Keijo’s guitar, blues-informed at nearly every turn, is at the center of all these pieces. On “Dog’s Dream” and “Never Been There,” Keijo spins melancholy themes. Both pieces could, with a little more work, end up as full-fledged songs, so strong is their underlying structure. On the acoustic “Cup of Juice” and its electric cousin “Under the Stars,” Keijo also shows how the blues form can induce almost meditative states.

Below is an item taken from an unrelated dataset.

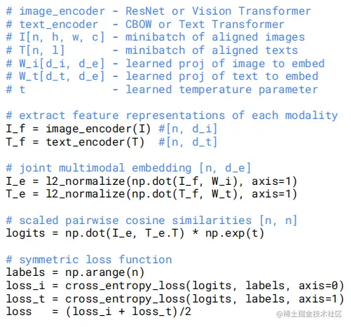 CLIP 的整个逻辑比较清晰、简单,先看下 CLIP 整体伪代码:
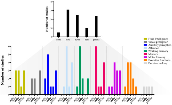 Some cognitive processes have been, more or less specifically, related to certain frequency bands [9]. Delta (0–4 Hz) has traditionally been associated with deep sleep and memory consolidation [10] and, only during recent years, it has been associated with attention [11] or with cognitive processes that rely on rhythmicity, e.g., certain motor functions [10]. Theta (4–7 Hz) oscillations have been mainly associated with working memory [12,13] and episodic memory [14]. Alpha (8–13 Hz) has been linked to executive functions [15], visual attention [16], and to memory processes [17]. Beta (13–30 Hz) has been related to motor functions and attention [18] as well as to working memory and executive control [19]. Gamma (30–80 Hz) has been linked to the processing of incoming information [20] as well as to working memory [21] and episodic memory [22]. Additionally, it plays a role in auditory perception [23].

A piece like “Jump” ties the album’s two themes together. It’s a cosmic-fried version of Chicago Blues. The rhythmic strut and moaning guitar is familiar, but with a big buzzing synth-line standing in for bass guitar, it feels odd. When combined with Keijo’s unstable shuffle on the drums, an otherworldly aura is evoked.

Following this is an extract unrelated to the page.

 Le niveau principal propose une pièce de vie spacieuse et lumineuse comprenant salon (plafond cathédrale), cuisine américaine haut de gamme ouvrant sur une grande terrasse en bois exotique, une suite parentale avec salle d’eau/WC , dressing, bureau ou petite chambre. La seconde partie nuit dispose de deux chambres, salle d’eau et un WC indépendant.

Whose Dream We Live In? succeeds because Keijo doesn’t try to push the material in any specific direction. He sits in grooves and riffs until they become well worn-in. But he also adds sly twists, like the dog lapping water on “For What to Wait,” or the accordion pulse on “When We’ll Meet.”

It’s refreshing to hear the restraint, insistence, and simplicity that permeate these jams. When Keijo loosens the reins, like on the clattering, dissonant title track, the effect is more startling than any high-volume freak-out. This music insinuates rather than blows your ears out, the product of one man listening to himself and then following what arises.